Winter classes on the fast track

By Matt Howell

The College of Continuing Studies (CCS) has announced that it will be offering eight different classes this winter for students who want to try to finish their coursework, improve their GPA or graduate early.
Unlike the summer classes, which run for six weeks, the winter classes are held for three weeks. All the classes being offered are three hours long, and they are held four days a week.
“The idea for a January term came from students,” said Boris Vilic, dean of the CCS. “Many other universities have winter semesters, so students asked us if Rider could consider offering courses during the winter intersession.”
Sophomore Stuart Kovacs feels that a January term offers a lot to students in terms of freeing up space in their schedules for future semesters.
“Winter classes would definitely be beneficial for getting ahead in credits,” Kovacs said. “I took a summer class and will probably be taking a winter class. They will help me have less of a work load later so I can focus more on an internship.”
The classes include Fundamentals of Drawing, Sitcoms and American Culture, Photography, Music and Society, Political Film, Ethnographic Film, Introduction to Psychology and Theater Appreciation.
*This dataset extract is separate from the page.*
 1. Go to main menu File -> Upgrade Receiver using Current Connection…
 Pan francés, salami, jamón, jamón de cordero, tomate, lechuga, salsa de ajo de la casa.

Not only are students able to take these classes, they’re also able to receive first-hand experience in a professional environment, a mentor-mentee relationship, connections outside of the classroom, and networking and résumé developing opportunities.
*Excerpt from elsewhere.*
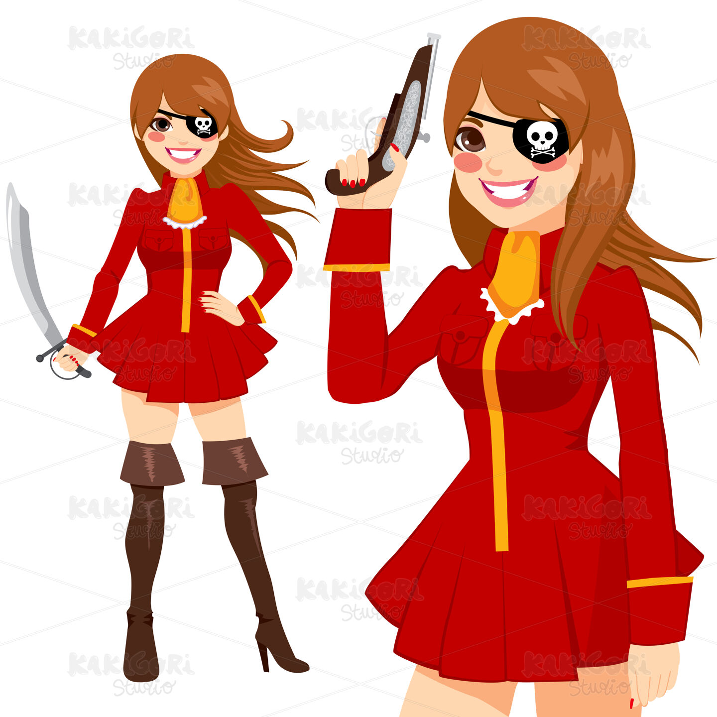 Beautiful brunette woman with red pirate suit costume happy smiling holding guns and sword ready for halloween party

Students who are interested must meet certain requirements in order to be able to take the classes. Prospective students must already have at least 45 credits completed and a GPA of no less than 3.0. Those who can meet the requirements have to submit an application by Oct. 15. Applicants also must have a letter of recommendation from a faculty member at Rider.
The courses will begin in December with a preparatory seminar, which acts as an orientation. The seminar will discuss the benefits of business etiquette, expectations in a corporate environment and networking. In addition to receiving information about various topics, the students will also be evaluated on how prepared they are for the seminar and the value of their contributions.
In January, students will attend The Shadow Experience where students will spend at least 25 hours with a career professional who will evaluate them. A final seminar will be held at the end of the course and students who were involved will share their experiences and complete a survey before they leave.
Before CCS chose to hold winter classes, they conducted a pilot program to evaluate student reactions to the classes.
“The response was good,” said Matt McMullen, CCS graduate assistant.  “People enjoy the opportunity to either get ahead or catch up on credits.”
According to McMullen, some students enjoy this format.
When asked if there were any problems with the program, McMullen said, “Students need to be aware of the format of the class. Some wouldn’t be comfortable with the intenseness of the course.”
“Some students really do like to be immersed in a subject. For some students it’s too much at one time,” he said.
The overall response from students seems to be positive.
“I think it’s a great idea,” said freshman Daisy Rivadeneira. “It seems like CCS is really trying their best to make getting credits a lot easier for students who don’t have the time to take classes during the summer. They are trying to help out those who couldn’t continue college at one point, but now want to resume their education.”